At this point I was sure, the problem in hand is not related to service status nor related to the database resource utilization as the service is running and registered with listener. Further, we have adequate resource available to accept any new database connection.
I was suspecting, the listener may not be aware of the current state of the service (database resource utilization) and that is why it is blocking any connections coming for that service. I decided to check from listener log about the last time when the service status was updated by PMON.
When, I looked out for that information. I could see the service status was not updated for the first cluster instance since a long period.
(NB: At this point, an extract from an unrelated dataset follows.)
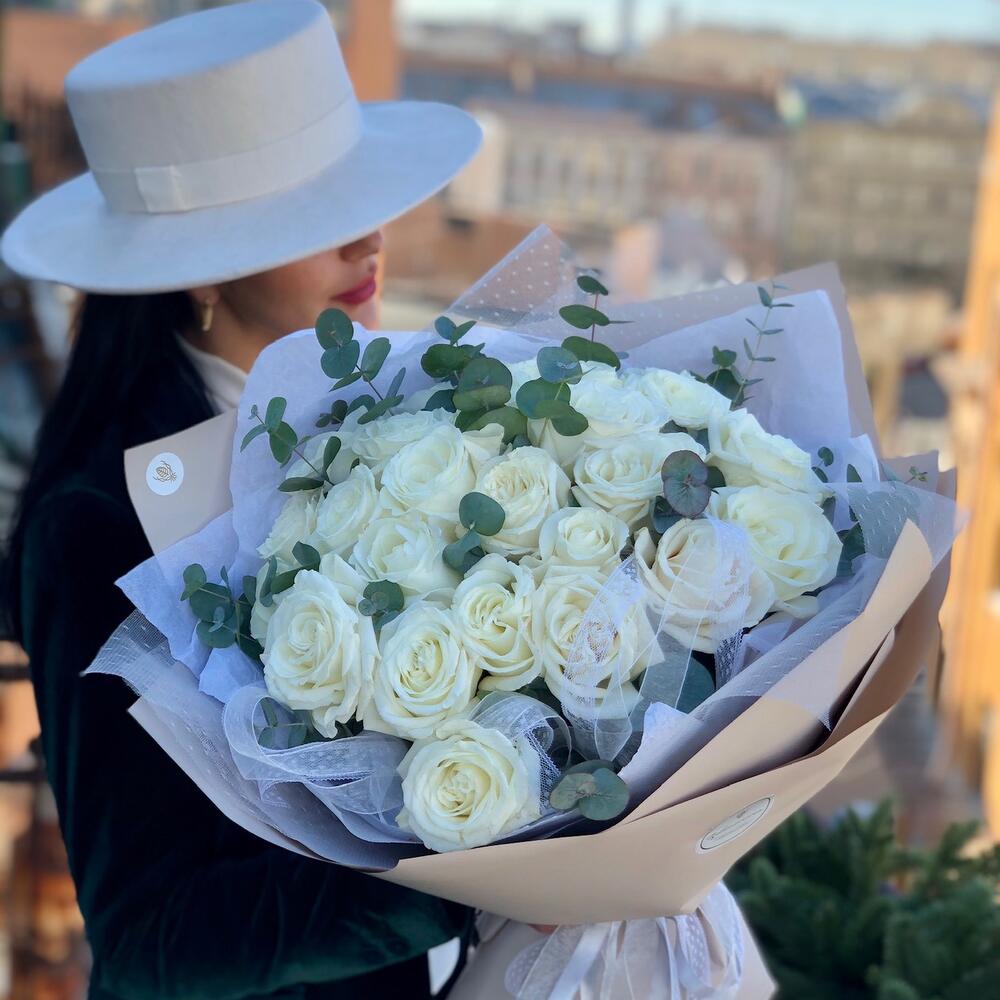 Букет из белых роз с эвкалиптом

##--- ##--- service_update count from listener log (for instance 1) ##--- oracle@rac01:/oraadmin/diag/tnslsnr/rac01/listener/trace: grep -i service_update listener.log | grep orpproda1 | grep 09-DEC-2015 | wc -l 0 ##-->> (PMON is not performing service update) ##--- ##--- service_update count from listener log (for instance 2) ##--- oracle@rac01:/oraadmin/diag/tnslsnr/rac01/listener/trace: grep -i service_update listener.log | grep orpproda2 | grep 09-DEC-2015 | wc -l 1696
At this point, I was almost sure that this is an issue related to dynamic registration of the service by PMON. Looks like PMON is not at all performing dynamic service registration (update) for the first instance (orpproda1).
It is possible that the database processes were exhausted at an earlier time (as indicated by the MOS note) which caused the listener to block incoming connections. However, once the resource utilization came back to normal, listener should have unblocked the service based on the current utilization report submitted by PMON; which did not happen in this case.
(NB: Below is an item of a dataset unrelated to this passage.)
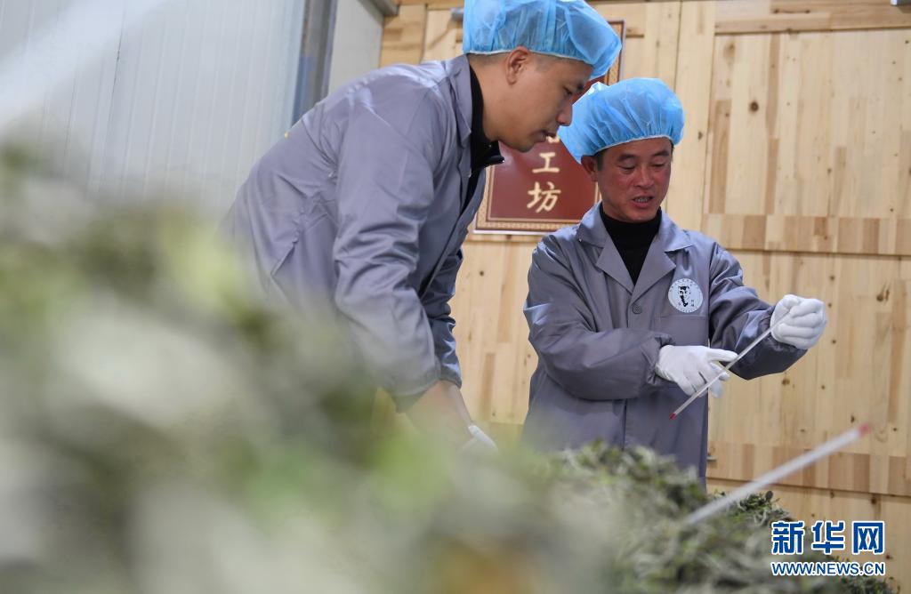 3月31日,李照铁(右)与徒弟王茂传在查看白茶炭焙过程中的火温。

I just went ahead and performed that service registration on behalf of PMON (looks like he is busy with some other work, or might have forgot about the existence of listener)
---// ---// manual service registration ---// SQL> alter system register; System altered. ---// ---// service state from listener ---// SQL> !lsnrctl services |grep -A 4 prod_app Service "prod_app.oraclebuffer.com" has 2 instance(s). Instance "orpproda1", status READY, has 2 handler(s) for this service... Handler(s): "DEDICATED" established:915 refused:0 state:ready ---> changed from blocked to ready REMOTE SERVER
Our problem is resolved. The moment, I registered the service, the service state changed from blocked to ready. I could also observe, PMON has recovered its memory (may be was in coma) and doing periodic dynamic service updates.
##--- ##--- service_update count from listener log (for instance 1) ##--- oracle@rac01:/oraadmin/diag/tnslsnr/rac01/listener/trace: grep -i service_update listener.log | grep orpproda1 | grep 10-DEC-2015 | wc -l 89 ##-->> (PMON is now performing periodic service update) ##--- ##--- service_update count from listener log (for instance 2) ##--- oracle@rac01:/oraadmin/diag/tnslsnr/rac01/listener/trace: grep -i service_update listener.log | grep orpproda2 | grep 10-DEC-2015 | wc -l 120
Although this issue is resolved, the root cause of this issue was related to excessive connections being made to the database. This was identified by reviewing the listener logs. Following is a hourly report providing the count of connections established to the database
By looking at this report, it is evident that the current setting for the processes parameter (1000 processes) is not adequate to handle the incoming database traffic. It seems that on many occasions the number of connections reached to the maximum allowed limit and caused the listener to block the service. However, what happened here is; although the connections were released and process count came down far below the allowed threshold, PMON did not perform the service_update and resulted in a permanent service blockage.
To address the root cause we need to increase the value of processes parameter as suggested by MOS notes, which would make room for new incoming connections and prevent blocking of services by listener.
I was interested in knowing as to why PMON was not performing the periodic service update. However, unfortunately I did not have adequate trace/logs handy to dig in to that route any further.
Hope, you find this post useful in resolving similar connection issue !